If it’s performing poorly, you can then start hypothesizing as to why that’s the case, especially since there are so many potential reasons that could be at play. Is the language bad? The visuals? The placement? And what about social media CTAs? They have their own unique set of challenges and potential pitfalls. On the other hand, if a CTA is working well, it’s equally important to understand the reasons for its success so that you can replicate those factors in future CTAs.
How to Automate and Enhance CTA Strategies with WoopSocial
Dramatic improvements in scalability can occur when your CTA workflows achieve consistency and efficiency. WoopSocial is a tool that can simplify the scheduling, automating, and managing of CTAs across the platforms of social media. For all appearances, WoopSocial acts as a time-saving device, allowing you to post everywhere you need to be without being everywhere you don’t need to be. And yet, although it is potent enough to pay for itself in squeezing time efficiencies from your social media operations, it is well worth your attention for the quality of its suggestions on pretexting and for its general facilitation of those operations.

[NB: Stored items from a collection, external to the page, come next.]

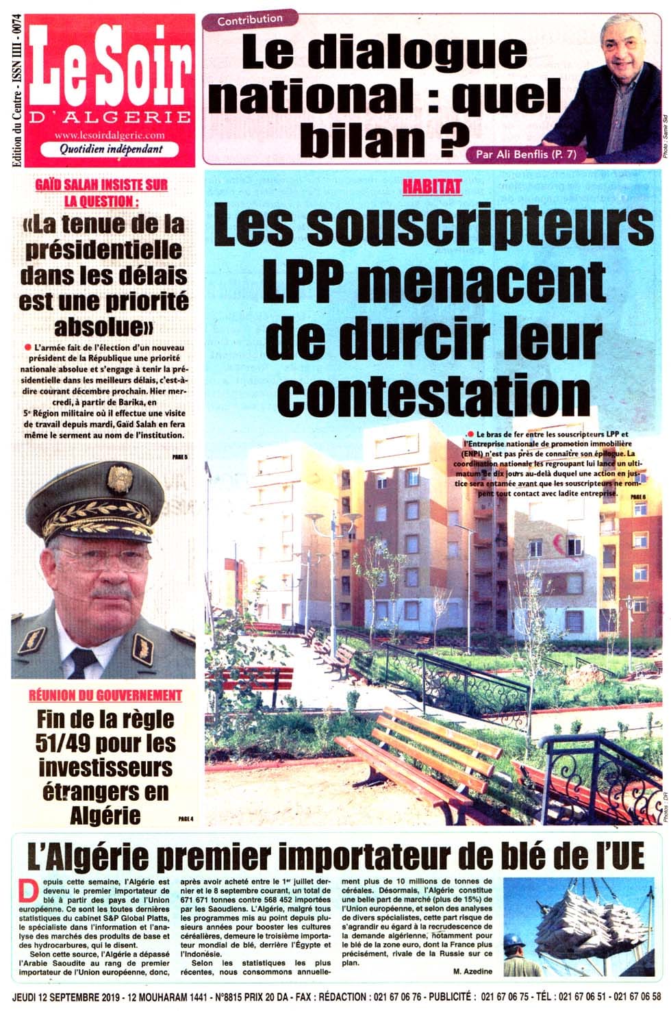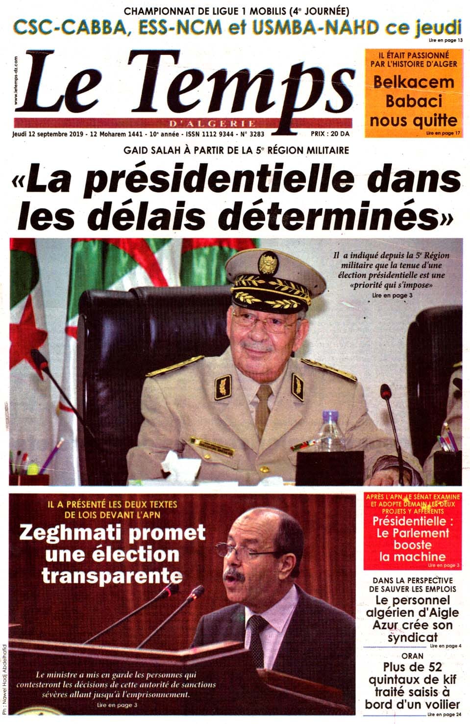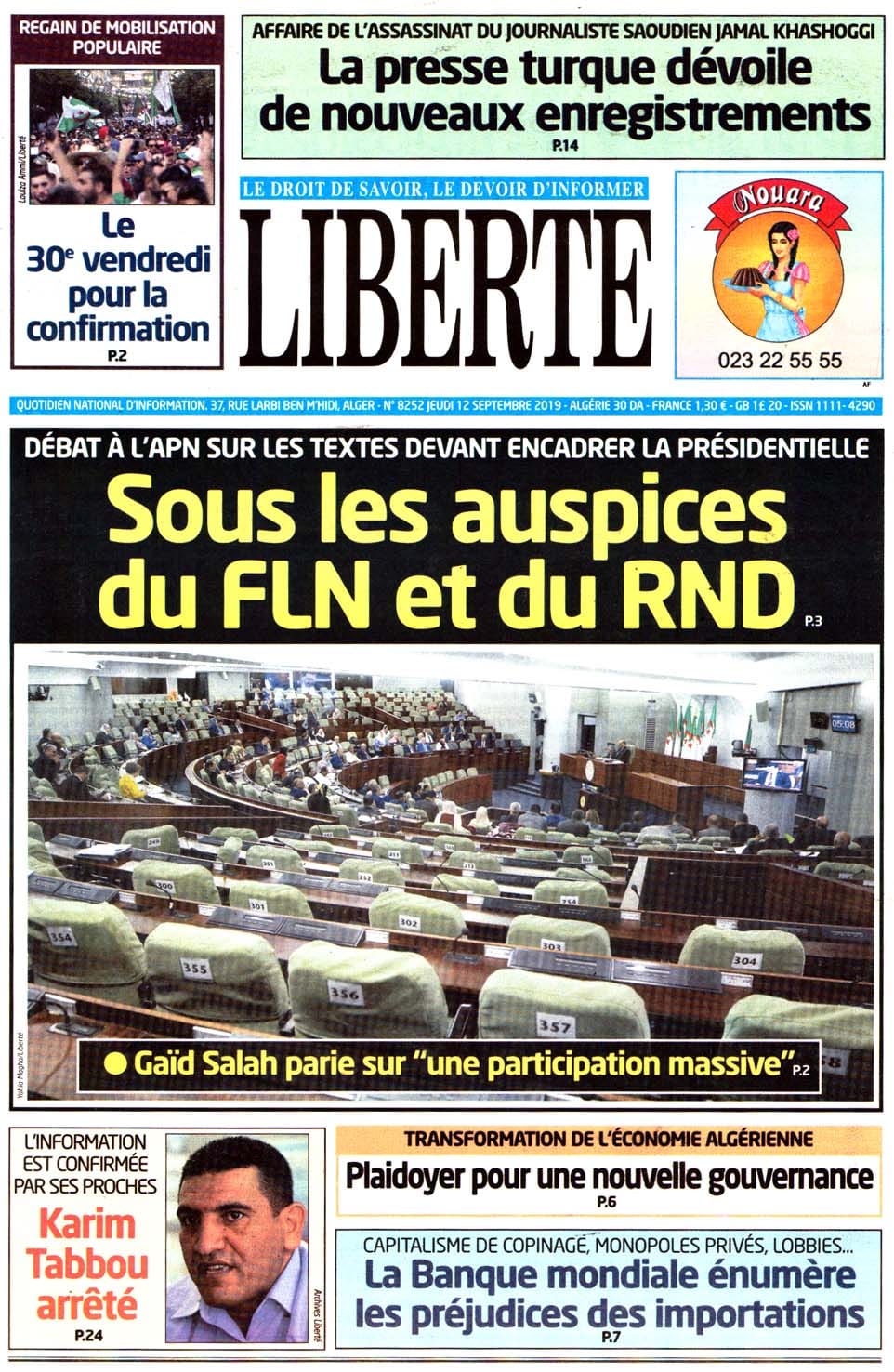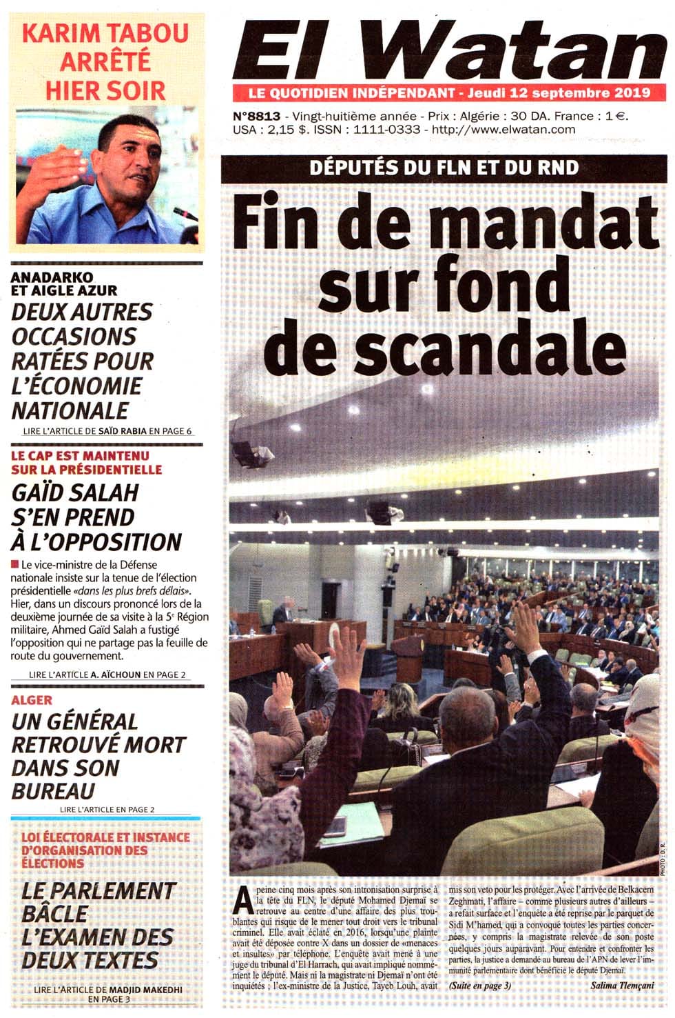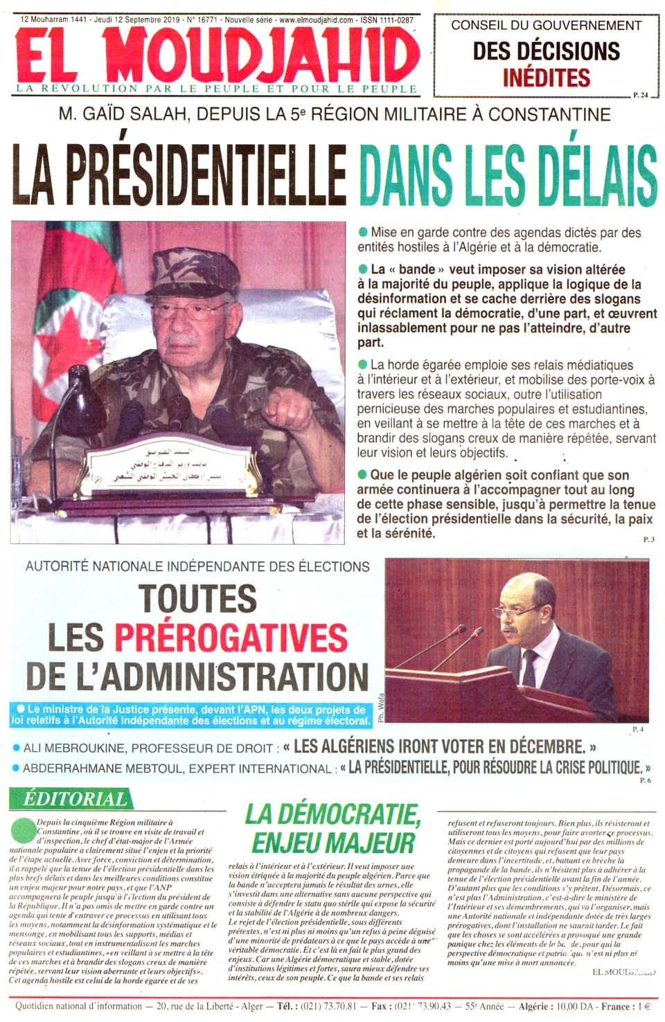 ALGÉRIE/ POLITIQUE: LA REVUE DE PRESSE DU JEUDI 12 SEPTEMBRE 2019
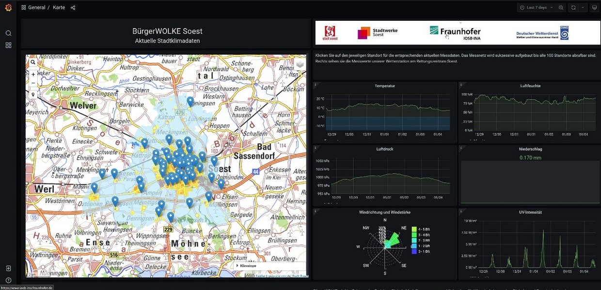 In Zusammenarbeit mit der Stadt Soest, den Stadtwerken Soest, dem Deutschen Wetterdienst und dem Institutsteil für industrielle Automation INA des Fraunhofer IOSB wurde dieses Projekt ermöglicht. Finanziert wurde das Projekt von der Stadt Soest. Insgesamt gibt es 100 Messpunkte in Soest und Umgebung.
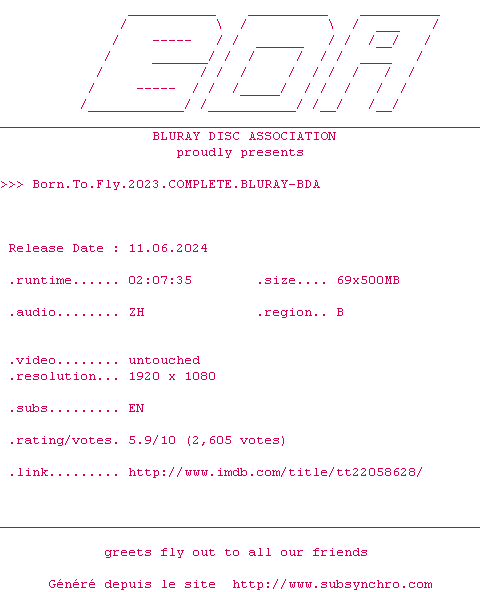 Voir le nfo de la release Born.To.Fly.2023.COMPLETE.BLURAY-BDA
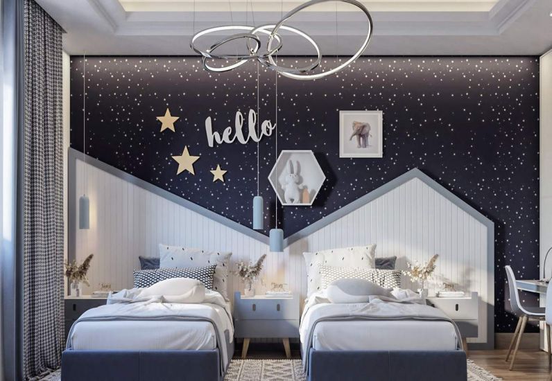 Mẫu phòng ngủ em bé này khoác lên mình một sự mới lạ. Nếu như các thiết kế trên đều lấy cảm hứng từ nhân vật hoạt hình thì với mẫu phòng ngủ em bé này hướng đến một chủ đề rộng hơn - thiên văn học.

CTAs that work are the building blocks of purposeful user action. They take the reader from engaging with content to actually doing something meaningful. A CTA operates on the cusp between the content and the outcome. And while a good CTA can step up a brand’s performance, a bad one can hold it back. CTAs that work are well-written; they are also well-designed, well-placed, and, best of all, they do their thing without being annoying.